#### AIM OF THE TASK
Taking the data below, please print only the lines from the line holding "Chào bạn, đây" to the line holding "Il sera procédé", inclusive, with pictures omitted.

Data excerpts
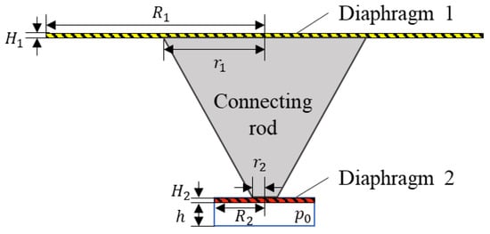 where R2 and H2 are the radius and the thickness of diaphragm 1, respectively; r2 is the radius of the lower endface of the connecting rod; E2 and μ2 are Young’s modulus and Poisson’s ratio of the diaphragm material.
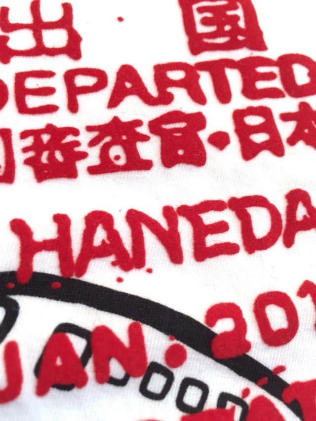 赤色の出国スタンプはフロッキー(起毛された生地)プリントです。
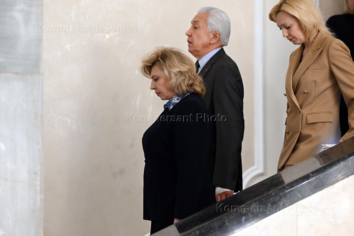 Руководитель фракции "Единая Россия" в Государственной думе (ГД) России Владимир Васильев (справа) и уполномоченный по правам человека в России Татьяна Москалькова (в центре) во время заседания президиума фракции в ГД России.
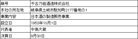 | 営業者 | 千古乃岩酒造株式会社 | |||
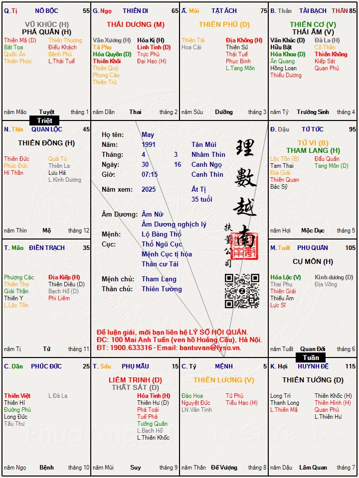 Chào bạn, đây là lá số của mình, mình đã từng nhờ bạn luận giải và gửi ảnh cho bạn nhưng ko có thời gian trao đối nên hẹn lại khi khác, bạn xem giúp mình nhé, ảnh mình sẽ gửi qua thư cá nhân, bạn cho mình địa chỉ gửi nhé
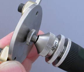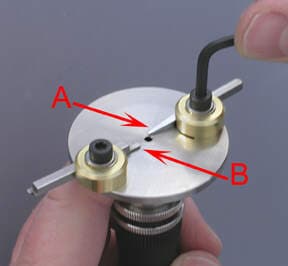 4. Next, I adjust the easy cut prong guide (A) and prong stop (B). The prong guide will support the prong being burred and seldom requires adjustment from job to job. The prong stop is set for the depth of the cut. Use of the prong stop is optional. My goal is to remove about 33 to 40 percent of the prongs total depth.
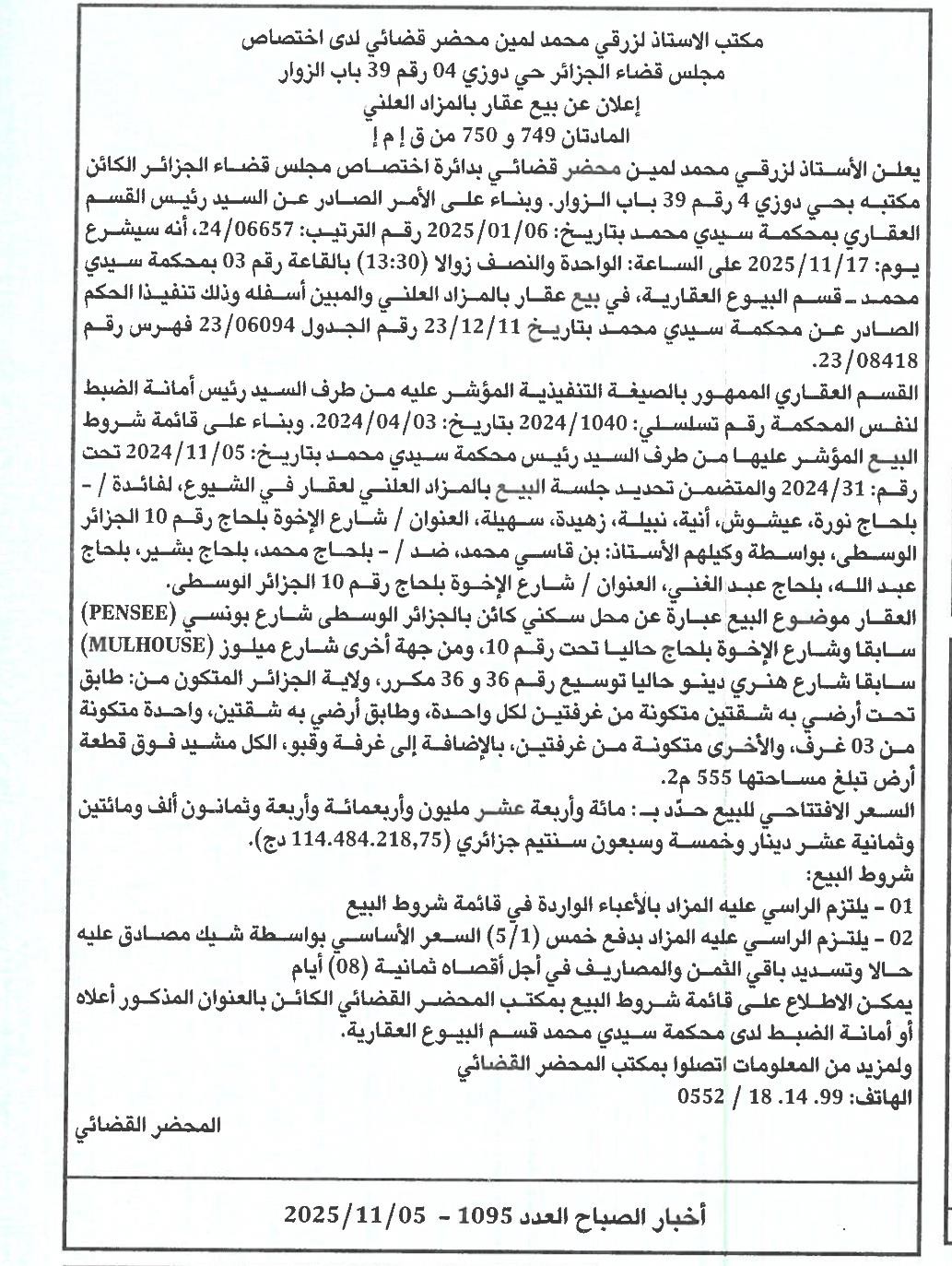 Il sera procédé à la vente au plus offrant et dernier enchérisseur le :
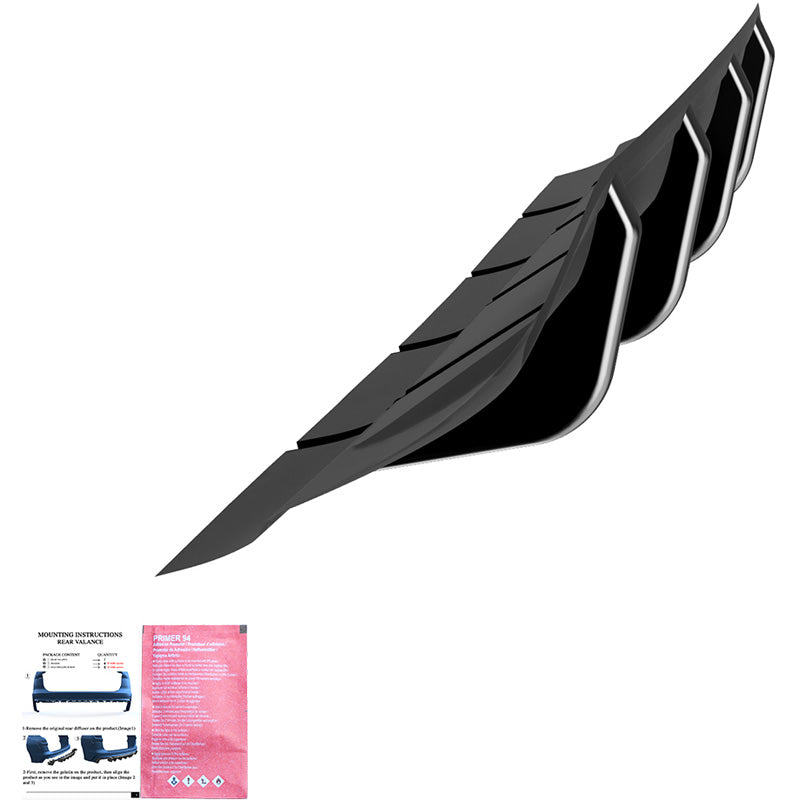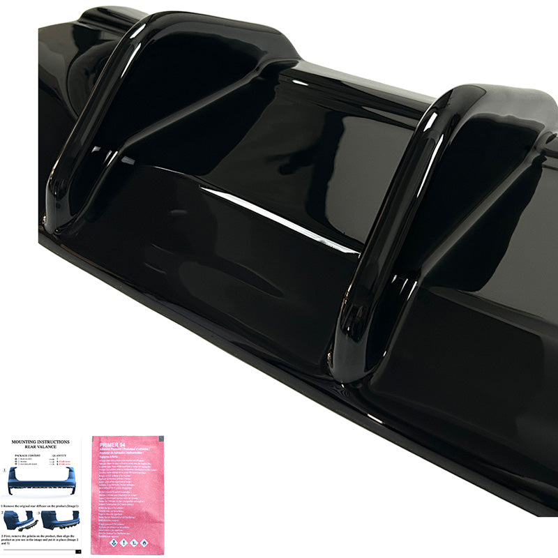 Add a touch of sophistication and style to your rear bumper with our rear diffuser. This sporty upgrade not only improves the aesthetics, but also ensures that your vehicle stands out on the road and makes a strong statement. The rear valance comes in a glossy black finish that you can easily paint if you prefer.
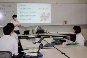 2月19日(日)上部児童センターで「むかしあそび大会」が開催され、南高校から3年次生6名がボランティアとして参加しました。手回しゴマ・折り紙相撲のコーナーで一緒に遊んだり、ビンゴゲームを実施したりして、元気な子どもたちと一緒に楽しい時間を過ごしました。また、イベント後に、ライフスタディⅡ家庭科グループが製作した「寝相マット」の贈呈も行いました。
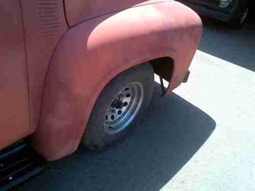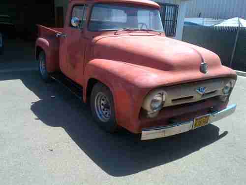 Very nice 56 Ford F-100 shortbed pickup. This rust free 100% stock truck has a stock 223 six cylinder (not running) and three speed transmission. Original VIN Tag and Title VIN match (see pics). It even has the original yellow and black "56" California License Plates! Has newly redone stock bench seat, new wheel cylinders and master cylinder (brakes work great). Has chrome bed strips and oak wood in bed (needs refinishing). All stock suspension and it steers very well. Has stock heater, wipers, turn signals and bumpers (they will need re-chroming). Has crack in windsheild and driver's side door glass. Very straight body and a great platform to build a very nice 56. Don't know much about the engine but it has the rare "glass bowl" carb. Will provide extra stock engine for parts. I reserve the right to end the auction early as the truck is also for sale locally. "BID TO OWN" Feel free to email or call Al at (559) 916-4604 for more info!
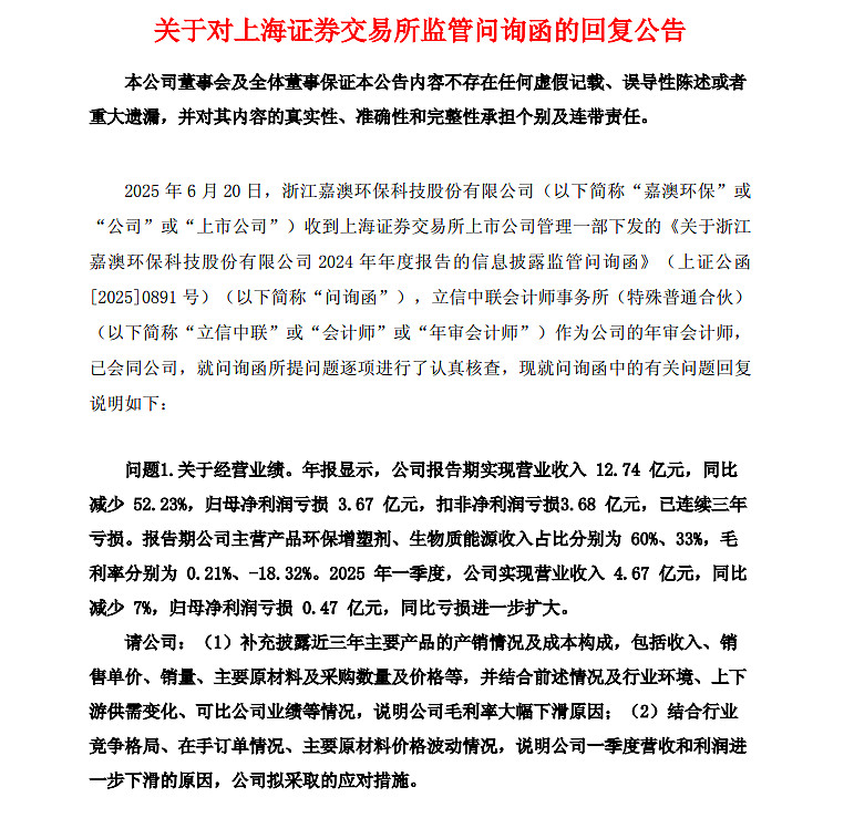 公司在回复中承认,其经营困境主要源于环保增塑剂业务受原材料价格下跌、下游需求疲软及行业竞争激烈影响,产品价格持续下滑,盈利能力微弱。生物质能源业务受欧盟反倾销调查影响。2024年该产品销售量骤降为2023年的26.56%,销售单价也持续下跌。
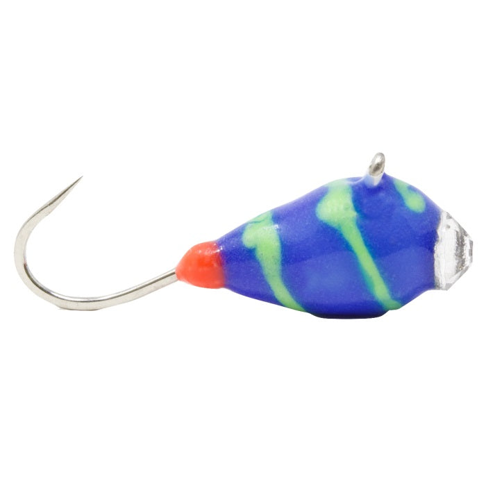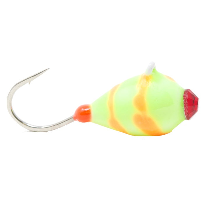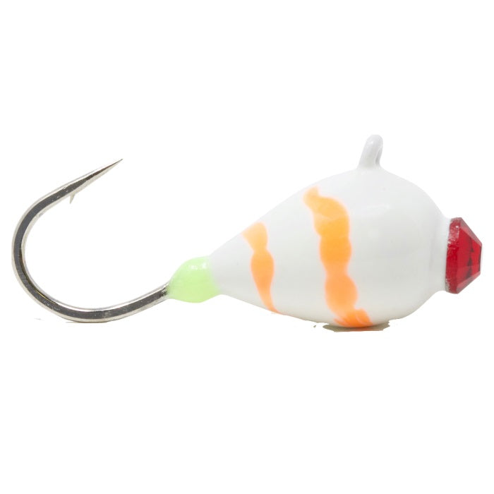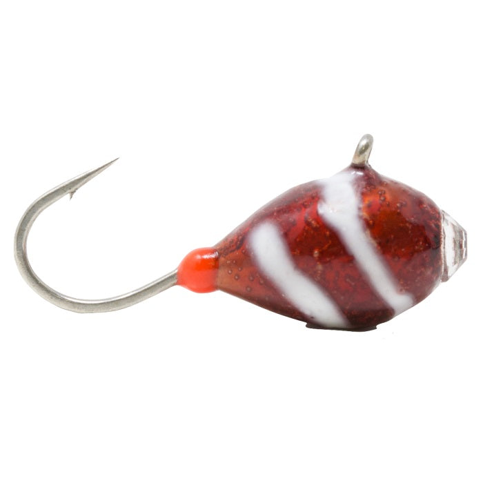 Named for its appearance, the Swirl Drop offers another cutting edge design to the lineup of deadly tungsten jigs by Clam Pro Tackle. The “swirl” pattern imitates color patterns common in insects. And it has all the quality features anglers expect from Clam Pro Tackle; an acrylic epoxy coating for durability, a trailing glow bead that offers an innovative glow pattern, and the Swarovski gem in the nose provide light reflection. All are designed to attract fish and elicit more strikes.
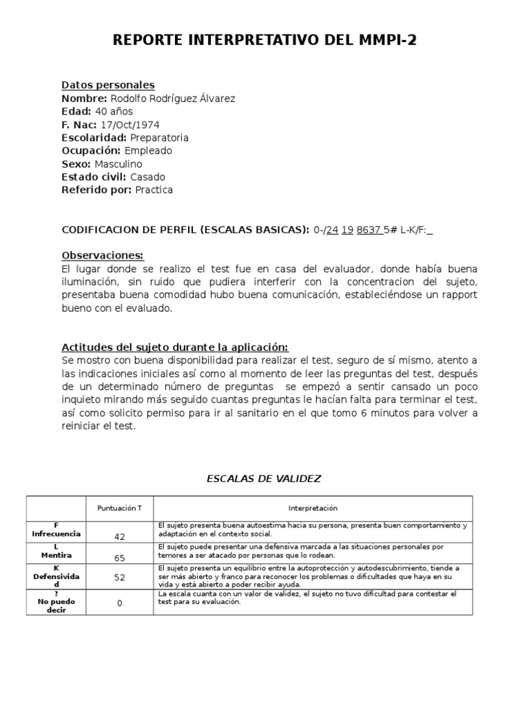 REPORTE INTERPRETATIVO DEL MMPI-2
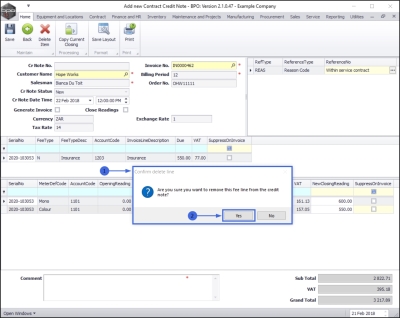 - Are you sure you want to remove this fee line from the credit note?
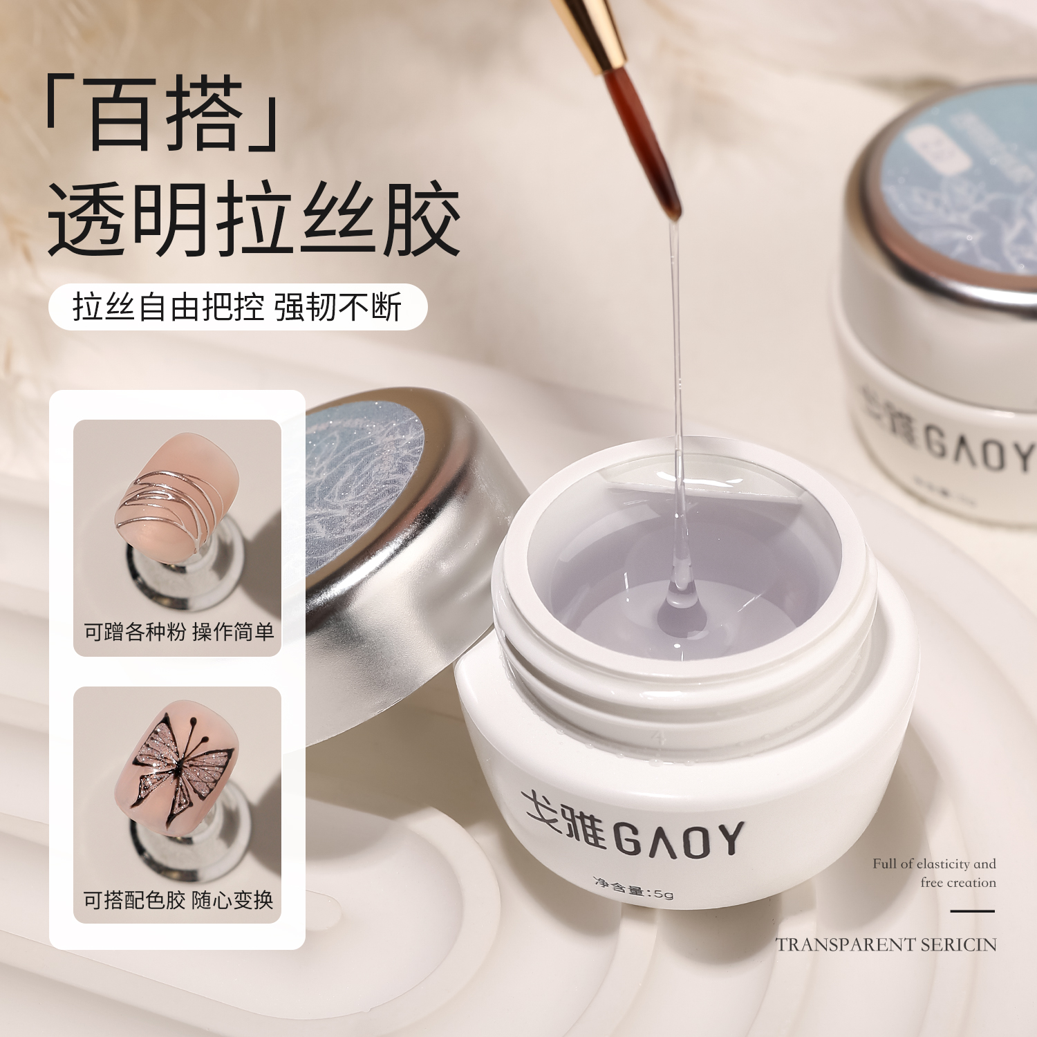 gaoy戈雅透明拉絲膠美甲店專用免洗彈力蠶絲彩繪膠蹭粉畫花拉線膠
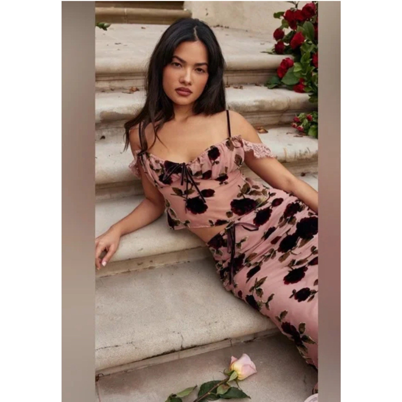 Gorgeously feminine, 'Graciela' is cut from a romantic dusty pink floral devore and we love how the soft gathered cups flatter the cropped silhouette. The delicate velvet ribbon ties and shoulder straps make for the perfect fit and the additional lace straps are ultra feminine. 'Graciela' hangs softly through the body and reveals a pretty open back with satin covered buttons. It's fully lined for comfort. Wear yours with the matching 'Imaan' skirt for pretty date nights. The 'Regular Cup' option suits cup size A-C whilst the 'Bigger Cup' option suits cup size D-E.
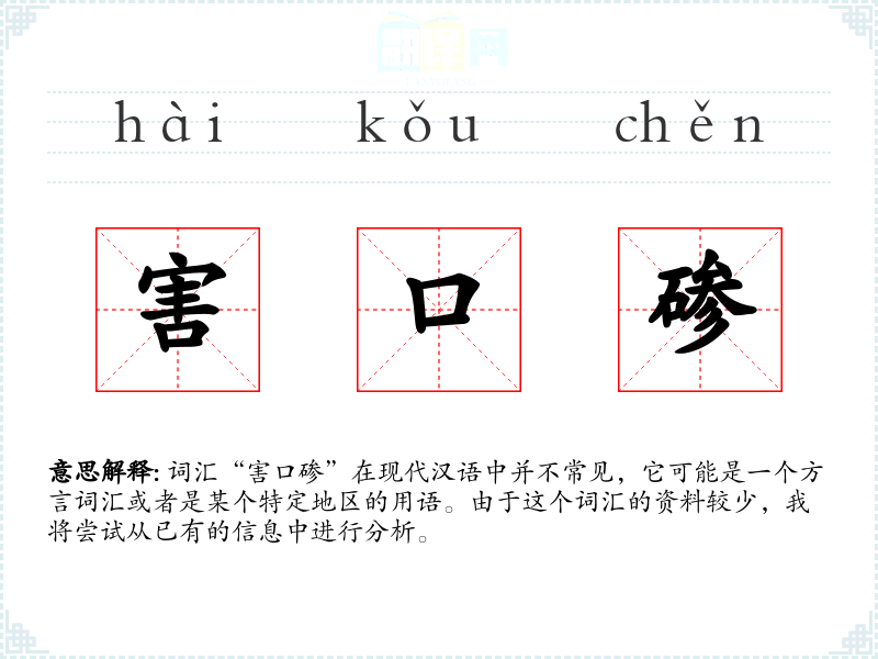 词汇“害口碜”在现代汉语中并不常见,它可能是一个方言词汇或者是某个特定地区的用语。由于这个词汇的资料较少,我将尝试从已有的信息中进行分析。

#### RESPONSE
 Chào bạn, đây là lá số của mình, mình đã từng nhờ bạn luận giải và gửi ảnh cho bạn nhưng ko có thời gian trao đối nên hẹn lại khi khác, bạn xem giúp mình nhé, ảnh mình sẽ gửi qua thư cá nhân, bạn cho mình địa chỉ gửi nhé
 4. Next, I adjust the easy cut prong guide (A) and prong stop (B). The prong guide will support the prong being burred and seldom requires adjustment from job to job. The prong stop is set for the depth of the cut. Use of the prong stop is optional. My goal is to remove about 33 to 40 percent of the prongs total depth.
 Il sera procédé à la vente au plus offrant et dernier enchérisseur le :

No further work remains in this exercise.